In the meantime, the cleverest analysts of the eurozone crisis recognize one significant ace that Germany has not yet played in the whole process. Evans-Pritchard observes the ace up Germany’s sleeve. “‘The larger the efsf, the faster the dominos fall,’ said Daniel Gross from the Center for European Policy Studies.
“The risk is that the leverage scheme will accelerate contagion to the core. Jacques Cailloux, from rbs, said the plan is ‘very dangerous’ unless the European Central Bank (ecb) is fully mobilized to back-stop the system.
“Chancellor Angela Merkel again ruled out any such a role for the ecb in her Bundestag speech on Wednesday.” But Merkel is really playing politics here, for ultimately the market has its say, and, “The view in the markets is that only the ecb has the credible lending power to contain the crisis …” (ibid, emphasis added).
Today the European Central Bank presidency is taken over by the Jesuit-trained governor of the Italian Bank, Mario Draghi. This places a Roman in charge of the only financial institution that the market contends has the power to step in and truly make a dent in the euro crisis.
Note that there was not a general consensus at the EU summit that prevented European Central Bank intervention in the euro crisis. It was the chancellor of Germany! So who really is in charge of the EU’s Central Bank? The answer appears to be obvious.
But now we have the pope’s man in the ecb at a time when Italy is being considered at risk of catching the eurozone’s contagious disease. This could change the whole nature of the manner in which Germany seeks to control that bank.
Germany is no longer the elephant in the room that pundits are afraid to mention. Germany has come charging out of its self-imposed constraints. Its imperialist motives are becoming more obvious by the week. But a new elephant is now entering the room: old Rome.
As Herbert Armstrong prophesied decades ago, there is only one power that can truly unite Europe. It is not a political, economic or fiscal power. It is a religion. It is the very religion that Pope Benedict is carefully firing up in a renewed crusade labeled “The new evangelization for the transmission of the Christian faith,” which he intends to extend across the whole European continent, and indeed the whole globe. That religion is the glue that will briefly unite Europe in a seventh, final and, most mercifully, very brief resurrection of that old institution, the Holy Roman Empire, as the final outcome of the great postwar project to unify Europe.

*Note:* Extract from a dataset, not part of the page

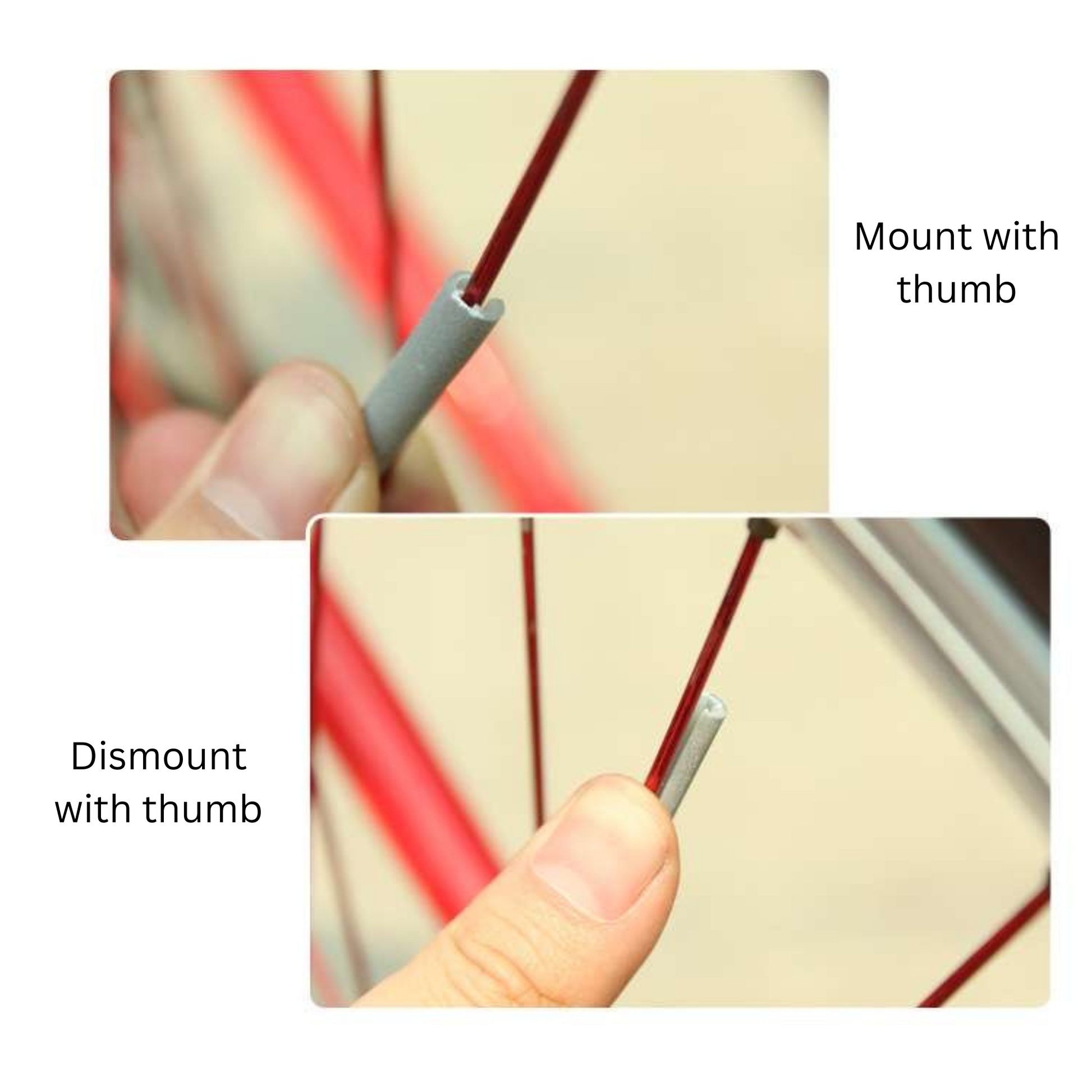 Cykel reflektor sätts på ekrarna. Du klickar på ekrarna genom skåran som finns på reflektorns ena långsida.

That religion will become the primary influence over the minds that rule politically, economically and monetarily in Europe. It is prophesied to be so in the 13th and 17th chapter of the book of Revelation. Having the pope’s man head the Frankfurt-based European bank is a step toward fulfillment of that great prophecy.
With German elites now empowered to a fresh and revitalized assertiveness in pursuing their goals for revival of an imperial German power, watch for Rome to increasingly assert its influence over affairs in the present two-tier Europe as it soon takes on its ultimate 10-nation composition.